She was halfway down the hill before she stopped and turned back toward me. “It began all the way down there,” she said, turning back toward the slope, her arm outstretched, a single finger pointing down to where the slope suddenly fell sharply in its dive toward the bottom of the mountain. “The race, I mean.”

“They raced
up
the hill?” I asked.

“Yes,” Kelli answered. “From the bottom to where we are now.”

I glanced down the slope. “So steep,” I said.

She nodded. “Very steep,” she said. “What do you think the distance is from here to the bottom?”

“You mean to where that road is?” I asked, meaning the old, abandoned mining trail that skirted across the base of the mountain and along whose dusty, unused ruts Sheriff Stone would soon discern the fresh tracks of a car.

“Yes,” Kelli answered.

“It’s hard to say,” I told her. “Probably around five hundred yards.”

Kelli nodded. “That’s how far they ran then,” she said. “Five hundred yards, all the way from the road to here.”

I eased myself against a tree and stood watching her. “That’s how far who ran?”

She seemed hardly able to believe her own answer. “The fathers,” she said softly.

Then, in the last revelation she would ever grant me, Kelli told the story of Breakheart Hill.

“The first race was on July 4, 1844,” she began. “It was organized by the slave market. It was part of a promotion, you might say.”

“What kind of promotion?”

“To promote the market. It had opened only a month before, and I guess the owners wanted to draw a lot of people into Choctaw for the auction.”

And so they’d hit upon the idea of a race, one that they hoped would demonstrate the strength of the young Negro males they intended to offer for sale later that same afternoon.

“But they had to give the men a reason to go all out,” Kelli went on. “They couldn’t have them just strolling up the hill. That wouldn’t make anybody want to buy one of them later.”

I smiled, thinking I’d guessed the answer. “So they offered the winner his freedom?”

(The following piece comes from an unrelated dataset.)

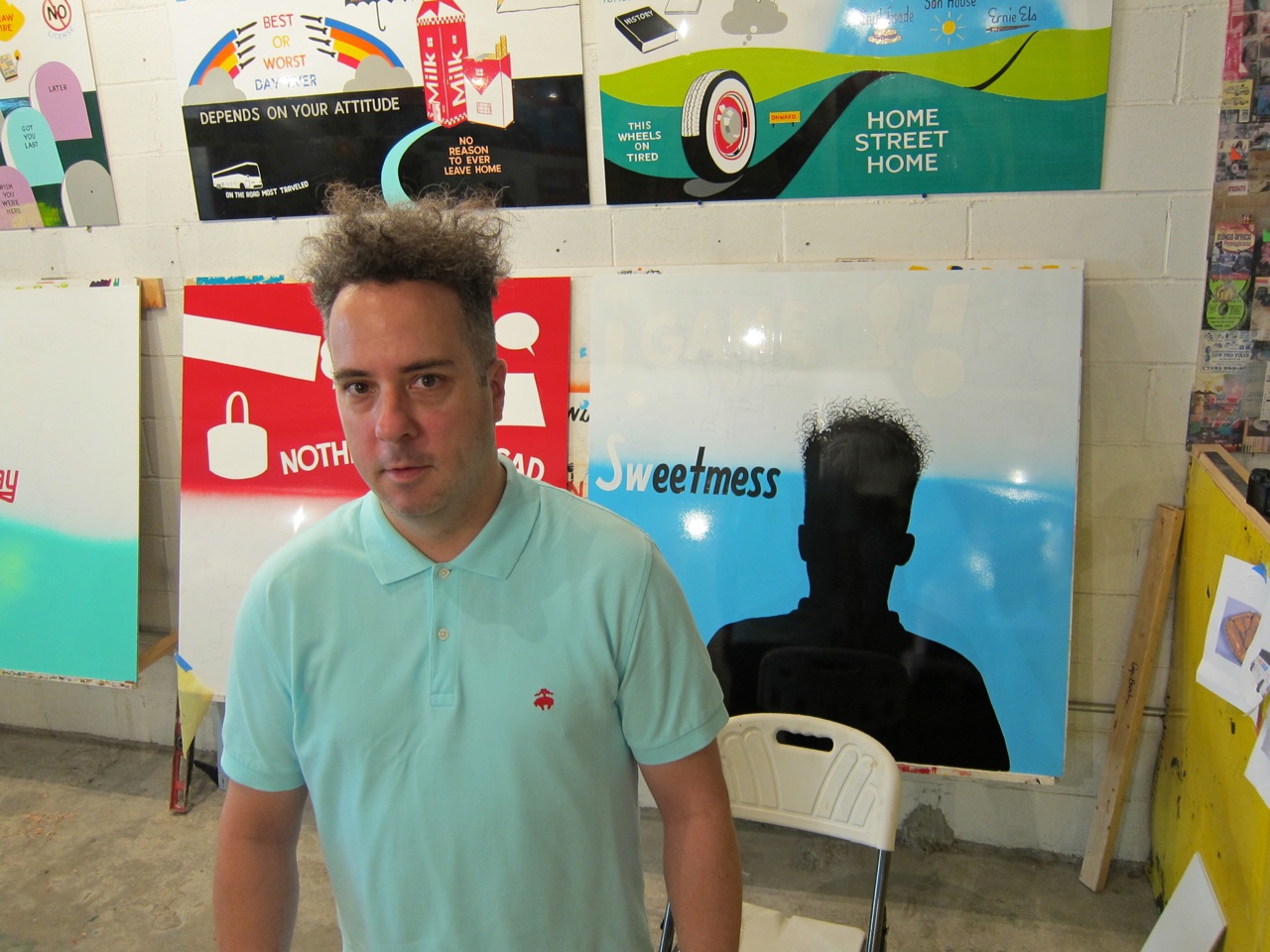 Steve Powers (also known as ESPO) was born and raised and Philadelphia, then moved to New York City in 1994. In 1984 Steve Powers started climbing rooftops in his neighbourhood and painting his alias ESPO. Dedication to making the world a better place may seem overzealous for an artist but Steve Powers is the exception to the rule. He has been an influential contributor to bettering the lives of teenagers from troubled housing projects by teaching art in Ireland, fighting for human rights in Guantanamo Bay, and spreading the love with his most recent Love Letter Street Mural Exhibit for which returned to Philadelphia. The letter, meant for one, with meaning for all, encompasses 50 walls on a 20 block stretch of market street. Drawing input, inspiration, and work from the community Powers created a letter to and from west Philly. ESPO, meaning Exterior Surface Painting Outreach, is revered for his graffiti, signage on the street as well as huge art installations in galleries such as Deitch Projects, Collette and Pennsylvania Academy of Fine Arts. Aside from his successful career as a professional gallery artist, he is also a Fullbright scholar, a participant in the 49th Venice Biennale, and author of artist books. He lives and works in Manhattan.

Kelli shook her head and a shadow crossed her face. “They wanted to sell them, remember?” She turned away and walked swiftly to the crest of the hill. “The white people lined up, facing each other in two lines about fifteen feet apart that stretched from the bottom of the hill to the crest. The Negro men were herded to the bottom of the hill. They wore ankle chains, but nothing around their hands. That meant that they could claw at each other, or at the ground if they couldn’t manage to stand up anymore.” She smiled at the irony of what she was about to say. “There was a band to keep the people entertained, and just before the race began, a local minister said a prayer.”

I saw it through her words: the lush green of the mountainside, the crowds at the bottom of the hill, the two lines that ran jaggedly toward the crest, and amid all that festive sound and color, a small gathering of slaves, huddled together in the stifling heat, muttering to one another perhaps, or perhaps utterly silent, staring up toward the impossible hill and the single band of red ribbon that fluttered across the distant finish line.

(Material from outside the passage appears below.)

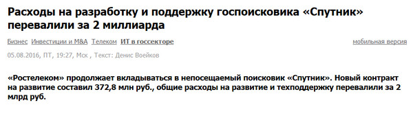 Но в Спутник будут упорно лить бабло, Гугл будут душить, а Яндекс менять. Проекты по измению русла сибирских рек.

“The race was always held at noon,” Kelli continued, “and it always began when the market owner fired his dueling pistol.”

At that sharp sound, the crowd would burst into a roar, and the slaves would begin their long struggle up the hill, moving in short thrusts, their ankles held by short lengths of rattling chain, but otherwise free to tear and grab and fall upon each other.

For the first hundred yards, the race moved quickly, with each man intent on leaving the others behind. But within minutes, the heat and the cruel angle of the hill had begun to overtake them, and the movement slowed so that by the time they reached the midpoint of the hill, the race had usually become little more than a slowly lurching
brawl, with the men desperately battling one another even as they heaved themselves inch by inch up the torturous slope.

“On the sidelines, people cheered them on,” Kelli told me softly. “Some even made bets.”

Ponderously, as the minutes passed, the great black tangle of flailing arms and legs continued its agonizing crawl up the hill’s steeper slope. Some of the men fell away, overcome by heat and exhaustion, and lay silent and motionless in the grass. But most pressed forward, sometimes on hands and knees, their chains now biting into the flesh of their ankles as they clawed their way toward the waving scarlet ribbon that waited for them at the crest of the hill.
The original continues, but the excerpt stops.